As the sequences examined shared such a high degree of similarity, the resulting frequencies represent what would be expected over short evolutionary distances. Further, given the close evolutionary relationship between these proteins, one would expect that the observed mutations would not significantly change the function of the protein. This is termed acceptance: changes that can be accommodated through natural selection and result in a protein with the same or similar function as the original. As individual point mutations were considered, the unit of measure resulting from this analysis is the point accepted mutation or PAM unit. One PAM unit corresponds to one amino acid change per 100 residues, or roughly 1% divergence.

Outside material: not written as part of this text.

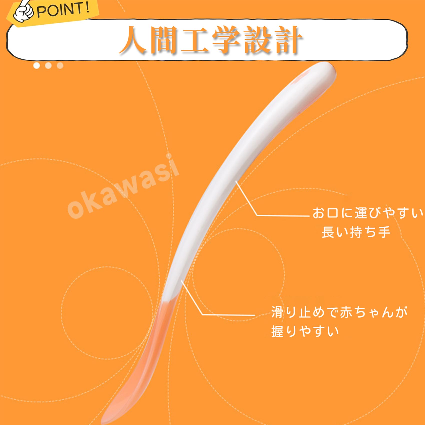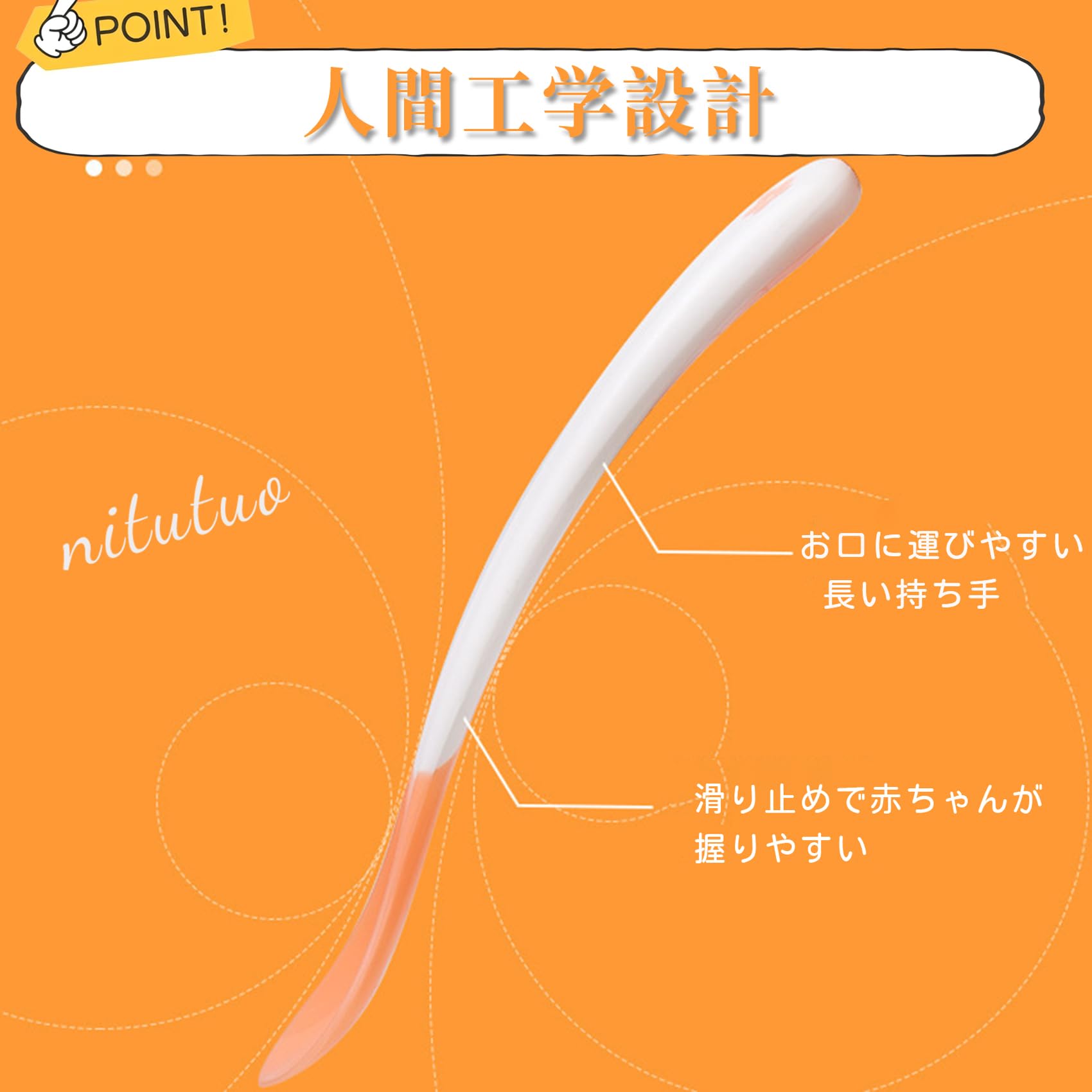 【曲げられる設計】カーブのついた持ち手は持ちやすく、食べさせやすい角度がついています。滑らかなデザインで水や食べ物が閉じ込められるのを防ぎ、私たちのスプーンで簡単に固体を始められます。

Several assumptions went into the construction of the PAM matrices. One of the most important assumptions was that the replacement of an amino acid is independent of previous mutations at the same position. Based on this assumption, the original matrix was extrapolated to come up with predicted substitution frequencies at longer evolutionary distances. For example, the PAM1 matrix could be multiplied by itself 100 times to yield the PAM100 matrix, which would represent what one would expect if there were 100 amino acid changes per 100 residues. (This does not imply that each of the 100 residues has changed, only that there were 100 total changes; some positions could conceivably change and then change back to the original residue.) As the matrices representing longer evolutionary distances are an extrapolation of the original matrix derived from the 1572 observed changes described above, it is important to remember that these matrices are, indeed, predictions and are not based on direct observation. Any errors in the original matrix would be exaggerated in the extrapolated matrices, as the mere act of multiplication would magnify these errors significantly.

There are additional assumptions that the reader should be aware of regarding the construction of these PAM matrices. All sites have been assumed to be equally mutable, replacement has been assumed to be independent of surrounding residues, and there is no consideration of conserved blocks or motifs. The sequences being compared here are of average composition based on the small number of protein sequences available in 1978, so there is a bias toward small, globular proteins, even though efforts have been made to bring in additional sequence data over time (Gonnet et al. 1992; Jones et al. 1992). Finally, there is an implicit assumption that the forces responsible for sequence evolution over shorter time spans are the same as those for longer evolutionary time spans. Although there are significant drawbacks to the PAM matrices, it is important to remember that, given the information available in 1978, the development of these matrices marked an important advance in our ability to quantify the relationships between sequences. As these matrices are still available for use with numerous bioinformatic tools, the reader should keep these potential drawbacks in mind and use them judiciously.